*** Available data Section Begins ***

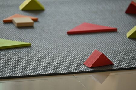 Hands of a child assemble a color puzzle with details of different geometric shapes on the table. Leisure of the child in confinement
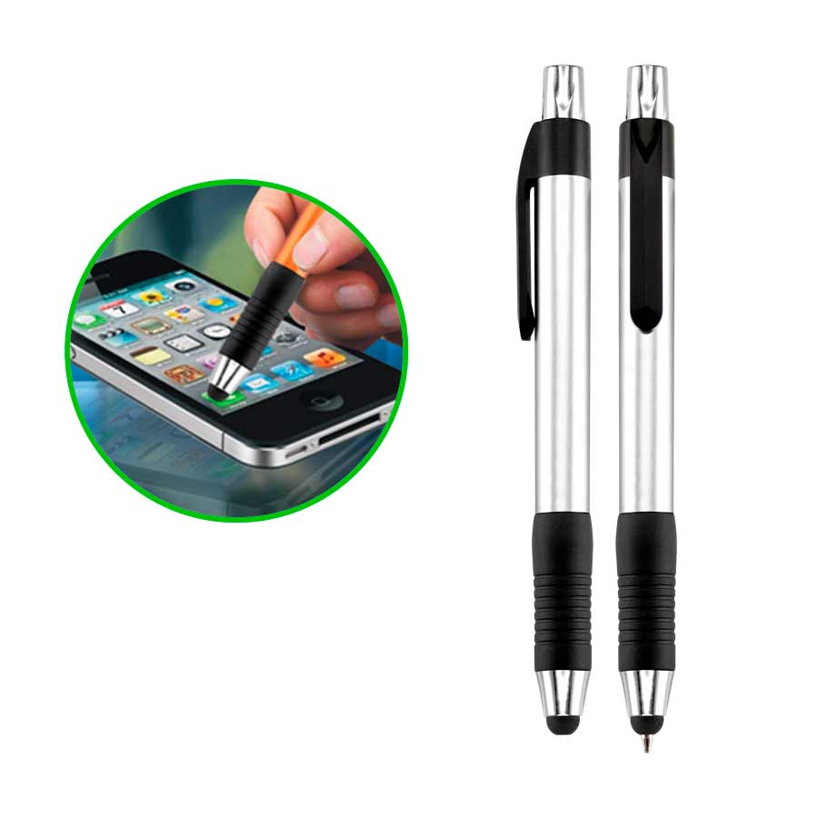 Bolígrafo "Trek" con cuerpo de color metalizado y puntero touch-screen para pantalla táctil. Escritura azul.
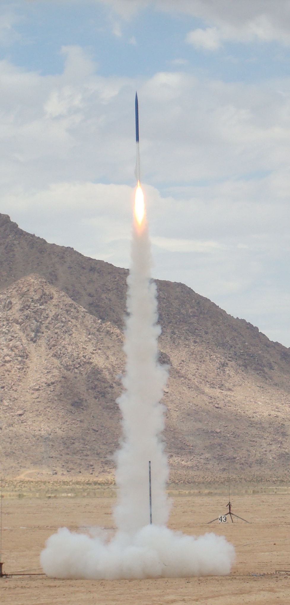 Biggest flight yet for Slick Willy! Borrowed a tracker and let it rip. Off the rail like a shot, dead straight. Saw the tracking smoke but lost sight of it after drogue deployment. A couple of folks had eyes on it the whole way down. Good main chute at 500 feet. We had a good line on it, but followed the tracker and it took us right to it. Lakebed landing, no damage.
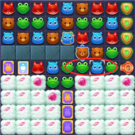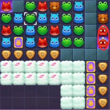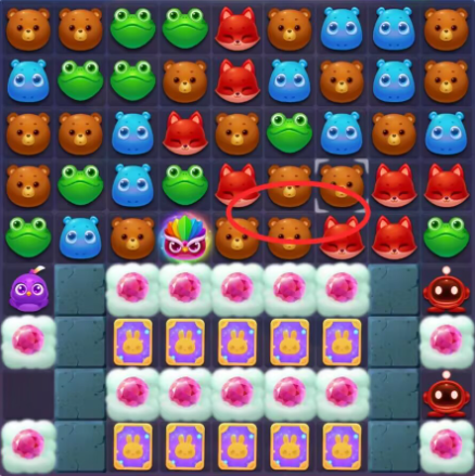 3:旁消击打魔法石助力消除下方云团,动物掉落后交换染色宝宝,产出大量的特效辅助消除周边云团
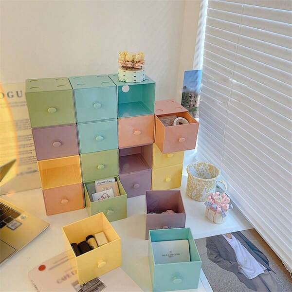 1pc Macaron Color Building Block Storage Box Wireless Stacking Desktop Drawer Type Combination Miscellaneous Storage Box Office Storage Box Student Dormitory Storage Box
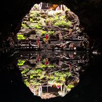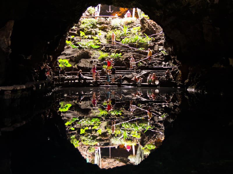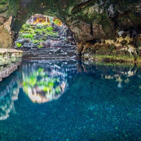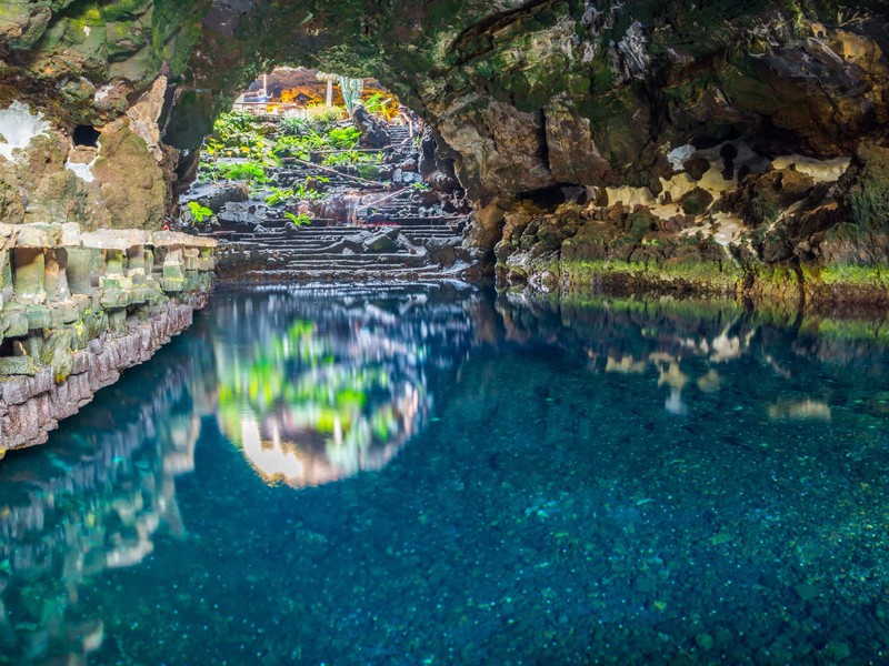 Passing close to the Mount Corona Volcano surrounding the area we arrive at the Jameos del Agua. This is a natural cave formed by volcanic activity from the Mount Corona and more recently styled by César Manrique – an attraction of undeniable beauty, also featuring a lagoon with blind white crabs, swimming pool, auditorium, seismology room, restaurant and bars.
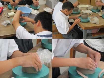 昨日の2組,3組に引き続き,今日は4組,5組,6組が交流の1組の生徒も含めて陶芸教室を行っています。今日も「アトリエY」から来て頂いた講師の方の指導の下,熱心に茶碗の作成を行っています。秋以降の涉成園での茶道体験が楽しみです。
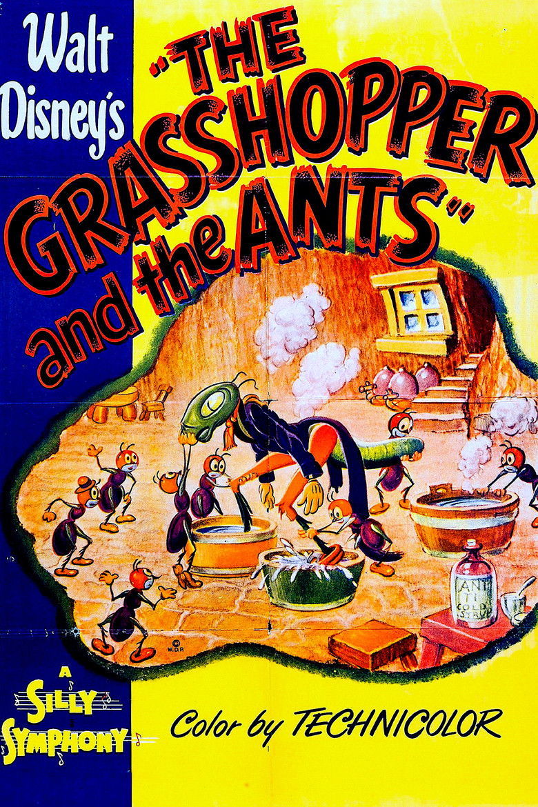 As in the classic fable, the grasshopper plays his fiddle and lives for the moment, while the industrious ants squirrel away massive amounts of food for the winter. With his song, he's able to convince at least one small ant until the queen arrives and scares him back to work. The queen warns the grasshopper of the trouble he'll be in, come winter. Winter comes, and the grasshopper, near starvation, stumbles across the ants, who are having a full-on feast in their snug little tree. They take him in and warm him up. The queen tells him only those who work can eat so he must play for them. Written by Jon Reeves
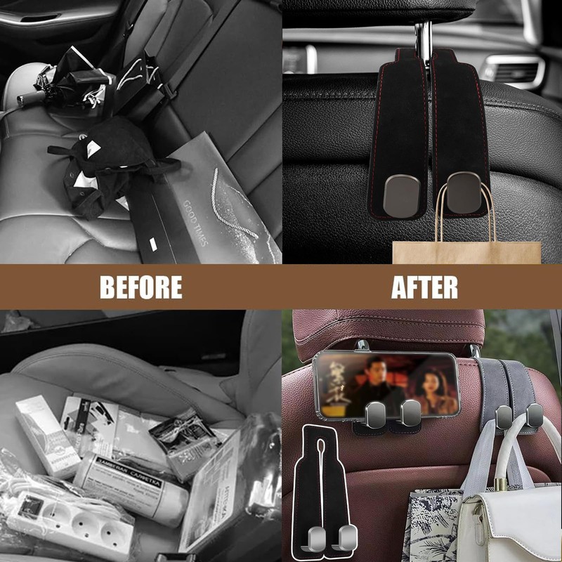 - Double Hook Design The car hook adopts a double hook design, which allows you to hang more items and save more space than the conventional single hook. The car bag hook can help you organise your car seats, say goodbye to messy car interiors and create a good mood.

*** Available data Section Ends ***

▸ **Your task**:
The reply should hold an exact repeat of the entries from their opening line through the line with "táctil. Escritura azul.", and no pictures at all.

▸ **Response area**:
 Hands of a child assemble a color puzzle with details of different geometric shapes on the table. Leisure of the child in confinement
 Bolígrafo "Trek" con cuerpo de color metalizado y puntero touch-screen para pantalla táctil. Escritura azul.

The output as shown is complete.